** PROVIDED RECORDS **
* * * *

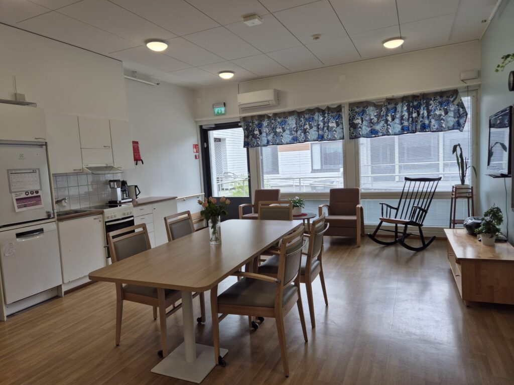 Mainiokoti Emilia ja Arvid Helsingiuksentie 54 B, 08700 Lohja Toimipaikkatyyppi: Yhteystiedot Yksikönjohtaja Katja Lintuniemi 050 592 2301 katja.lintuniemi@mainiokodit.fi Tiimivastaava Nimi Venla Nikander Puhelin 040 125 6342 Palvelujohtaja Pirjo Savolainen, Espoo ja Länsi-Uusimaa 040 673 2978 pirjo.a.savolainen@mainiokodit.fi Hoitajat Puhelin Sairaanhoitaja044 468 2092 Ryhmäkodit Puhelin Emilia ja Arvid050 595 0479 Puhelin Elisabeth ja August044 700 2680 Osoite Osoite Helsingiuksentie 54 B08700 Lohja Ruokalistat Viikko-ohjelmat: viikko 16 viikko 17 Kodin esittely Mainiokoti Emilia ja Arvid on 40-paikkainen ympärivuorokautisen hoivan yksikkö ikääntyneille Lohjan Virkkalassa. Tarjoamme asukkaillemme kodin, jossa heitä arvostetaan ja kunnioitetaan yksilöinä. Olemme kiinnostuneita asukkaidemme elämänhistoriasta ja hyödynnämme arvokasta tietoa suunnitellessamme asukkaan hoitoa ja huolenpitoa. Toimintamme perustuu rauhalliseen ja kunnioittavaan asukkaan kohtaamiseen. Korostamme hoitotyössä asukkaan yksilöllisten tarpeiden ja toiveiden huomioimista, jotta jokainen voi tuntea itsensä tärkeäksi ja arvostetuksi. Mainiokoti Emilia ja Arvid sijaitsee pienessä ja idyllisessä Virkkalassa, Lohjalla. Yksikkömme on pieni ja kodikas ja kaikki meillä asuvat kuuluvat samaan yhteisöön, riippumatta siitä missä ryhmäkodissa he asuvat. Työyhteisössämme vallitsee lämmin ja avoin ilmapiiri, jossa joukkuehenkisyys, keskustelevuus ja vuorovaikutus sekä positiivisuus ovat keskiössä. Meille on tärkeää, että työyhteisömme tukee toisiaan ja toimii yhteistyössä asukkaidemme parhaaksi. Panostamme monipuolisiin aktiviteetteihin. Taideaineet, kuten musiikki ja kädentaidot, ovat keskiössä. Taide luo asukkaillemme mahdollisuuksia itseilmaisuun ja mielekkääseen tekemiseen. Voitkin nähdä asukkaiden taideteoksia ympäri kotimme seiniä tai kuulla musiikkia eri muodoissaan kotimme käytävillä. Läheiset ovat tärkeä osa yhteisöämme ja aktiivisesti mukana asukkaiden arjessa. Yhteistyö läheisten kanssa on keskeinen osa hoivan laatua ja asukkaiden hyvinvointia. Osaava, koulutettu ja välittävä henkilöstö Monipuolista toimintaa Ympärivuorokautista hoivaa Esteettömät tilat Kaunis luonto ja ympäristö Hyvät kulkuyhteydet Palvelut ja toiminta Näin asut meillä Kodit ja yhteistilat Vapaa-aika ja järjestetty toiminta Tulo-ohjeet Kodin ympäristö Meille asukkaaksi Palautteet asukkailta ja läheisiltä Näin asut meillä Mainiokoti Emilia ja Arvidissa asukkaita asuu neljässä eri ryhmäkodissa; Emiliassa, Arvidissa, Elisabethissa ja Augustissa. Jokaisella asukkaalla on oma huone. Kokoonnumme päivittäin yhteisiin tiloihin yhteisten aktiviteettien ja ruokailujen pariin. Ammattitaitoinen henkilökuntamme on asukkaidemme arjessa läsnä ympäri vuorokauden. Meille jokainen asukas on ainutlaatuinen. Näin asut meillä Näin asut meillä Mainiokoti Emilia ja Arvidissa asukkaita asuu neljässä eri ryhmäkodissa; Emiliassa, Arvidissa, Elisabethissa ja Augustissa. Jokaisella asukkaalla on oma huone. Kokoonnumme päivittäin yhteisiin tiloihin yhteisten aktiviteettien ja ruokailujen pariin. Ammattitaitoinen henkilökuntamme on asukkaidemme arjessa läsnä ympäri vuorokauden. Meille jokainen asukas on ainutlaatuinen. Kodit ja yhteistilat Meillä on kauniit ja valoisat yhteiset tilat. Jokainen asukas asuu omassa huoneessa, joka on varustettu omalla wc:llä ja suihkulla. Huoneen saa sisustaa omanlaisekseen. Yhteisiä tiloja ovat muun muassa ruokasali ja saunatilat. Asukkaamme voivat nauttia kesäisin viihtyisästä vehreästä ja kukkivasta pihastamme ja ulkoilla talvisinkin turvallisesti omalla pihalla. Kodit ja yhteistilat Kodit ja yhteistilat Meillä on kauniit ja valoisat yhteiset tilat. Jokainen asukas asuu omassa huoneessa, joka on varustettu omalla wc:llä ja suihkulla. Huoneen saa sisustaa omanlaisekseen. Yhteisiä tiloja ovat muun muassa ruokasali ja saunatilat. Asukkaamme voivat nauttia kesäisin viihtyisästä vehreästä ja kukkivasta pihastamme ja ulkoilla talvisinkin turvallisesti omalla pihalla. Vapaa-aika ja järjestetty toiminta Kuuntelemme musiikkia, askartelemme, laulamme, ulkoilemme, keskustelemme uutisista, leivomme, jumppaamme ja katselemme elokuvia. Kädentaidot näkyvät eri muodoissaan muun muassa askarteluina ja maalauksina kotimme käytävillä. Erilaiset musiikkiesiintyjät ja esimerkiksi eläinvierailijat käyvät viihdyttämässä asukkaitamme. Kodissamme käy myös jalkahoitaja ja kampaaja. Vapaa-aika ja järjestetty toiminta Vapaa-aika ja järjestetty toiminta Kuuntelemme musiikkia, askartelemme, laulamme, ulkoilemme, keskustelemme uutisista, leivomme, jumppaamme ja katselemme elokuvia. Kädentaidot näkyvät eri muodoissaan muun muassa askarteluina ja maalauksina kotimme käytävillä. Erilaiset musiikkiesiintyjät ja esimerkiksi eläinvierailijat käyvät viihdyttämässä asukkaitamme. Kodissamme käy myös jalkahoitaja ja kampaaja. Tulo-ohjeet Kodillemme on matkaa n. 8 km Lohjan keskustasta ja linja-autopysäkki on n. 300 m päässä. Tulo-ohjeet Tulo-ohjeet Kodillemme on matkaa n. 8 km Lohjan keskustasta ja linja-autopysäkki on n. 300 m päässä. Kodin ympäristö Emiliassa ja Arvidissa on aidattu piha-alue ja kolme katettua terassia sisäpihan puolella. Vieressämme on myös pieni lampi, jonka ympäri teemme kävelylenkkejä. Kotimme rajoittuu viehättävään koivikkoon, jonka avulla voi seurata vuodenaikojen vaihtumista kuin elävää taulua. Kodin ympäristö Kodin ympäristö Emiliassa ja Arvidissa on aidattu piha-alue ja kolme katettua terassia sisäpihan puolella. Vieressämme on myös pieni lampi, jonka ympäri teemme kävelylenkkejä. Kotimme rajoittuu viehättävään koivikkoon, jonka avulla voi seurata vuodenaikojen vaihtumista kuin elävää taulua. Meille asukkaaksi Meille voit tulla asukkaaksi eri hyvinvointialueilta sopimalla asiasta oman alueen asiakasohjaajan kanssa tai vaihtoehtoisesti itse maksavana asiakkaana. Asukas o
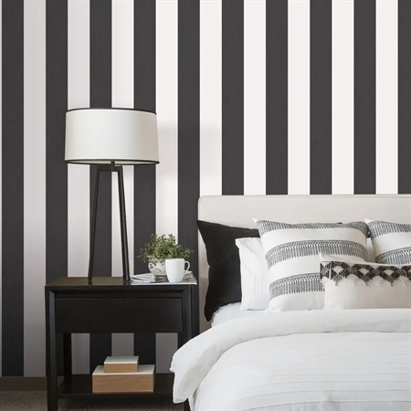 Et grafisk tapet med brede, kontrastfyldte striber i sort og hvid. Surface Stripe Black/White skaber en skarp og moderne effekt, der tilfører rummet kant og karakter – ideelt til dig, der ønsker et stilrent statement i alt fra soveværelset til hjemmekontoret.
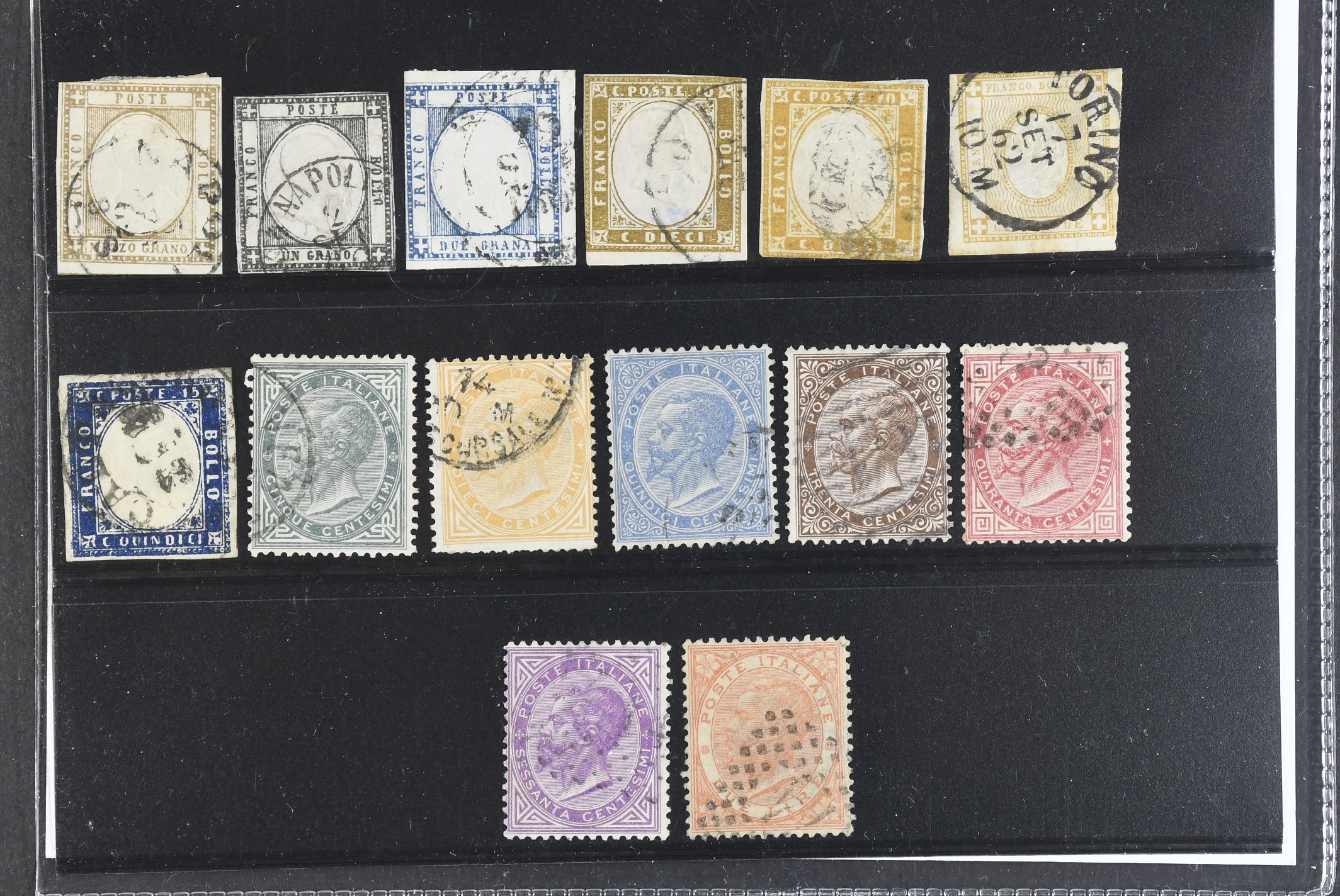 Italy. Used 1861–1863. All different, e.g. Mi 1, 3, 6, 9b, 13–14, 16–22. Mostly good quality. Mi € 882 (14)
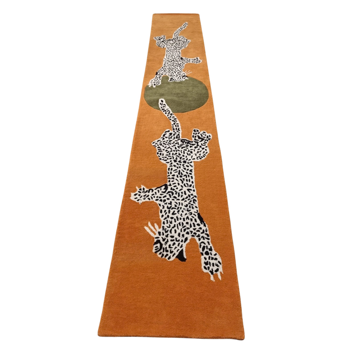 Leopards on Silky Road Hand Tufted Wool Rug Runner - Orange
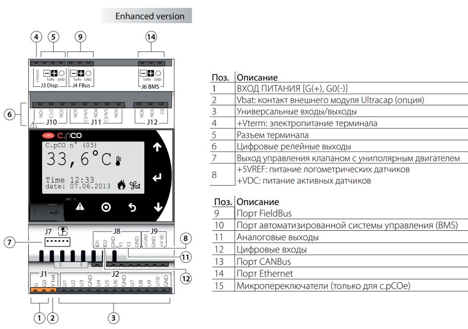 В контроллере реализованы технологии твердотельной коммутации и встроенное управление электронными расширительными клапанами, а также коммуникационные интерфейсы для интеграции в систему управления зданием (BMS) и для полевой шины (FB); предусмотрена возможность расширения функционала путем установки дополнительной платы расширения серии c.pCOe.
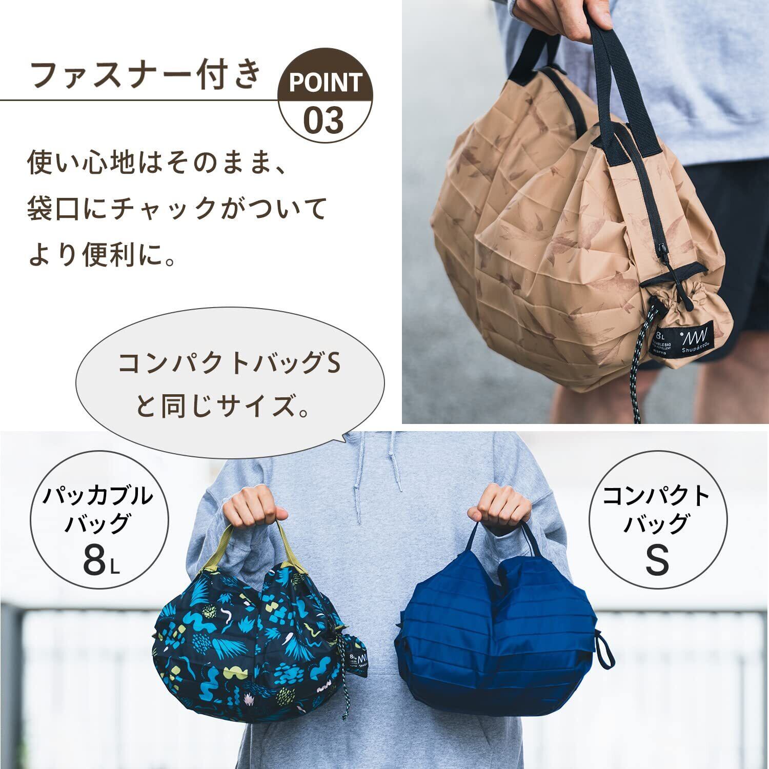 【2025最新】[マーナ] Shupatto パッカブルバッグ ファスナー付き (8L/27L) 撥水生地 シュパット アウトドア バッグ 折りたたみ (コンパクト/丈夫)
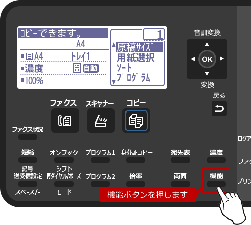 1. 基本画面で、[機能]を押します。

* * * *

Beginning with the line that contains "Italy. Used 1861–1863." and ending with the last line of the data above, output those lines exactly and nothing more, without any pictures.

** OUTPUT OF THE EXERCISE **
 Italy. Used 1861–1863. All different, e.g. Mi 1, 3, 6, 9b, 13–14, 16–22. Mostly good quality. Mi € 882 (14)
 Leopards on Silky Road Hand Tufted Wool Rug Runner - Orange
 В контроллере реализованы технологии твердотельной коммутации и встроенное управление электронными расширительными клапанами, а также коммуникационные интерфейсы для интеграции в систему управления зданием (BMS) и для полевой шины (FB); предусмотрена возможность расширения функционала путем установки дополнительной платы расширения серии c.pCOe.
 【2025最新】[マーナ] Shupatto パッカブルバッグ ファスナー付き (8L/27L) 撥水生地 シュパット アウトドア バッグ 折りたたみ (コンパクト/丈夫)
 1. 基本画面で、[機能]を押します。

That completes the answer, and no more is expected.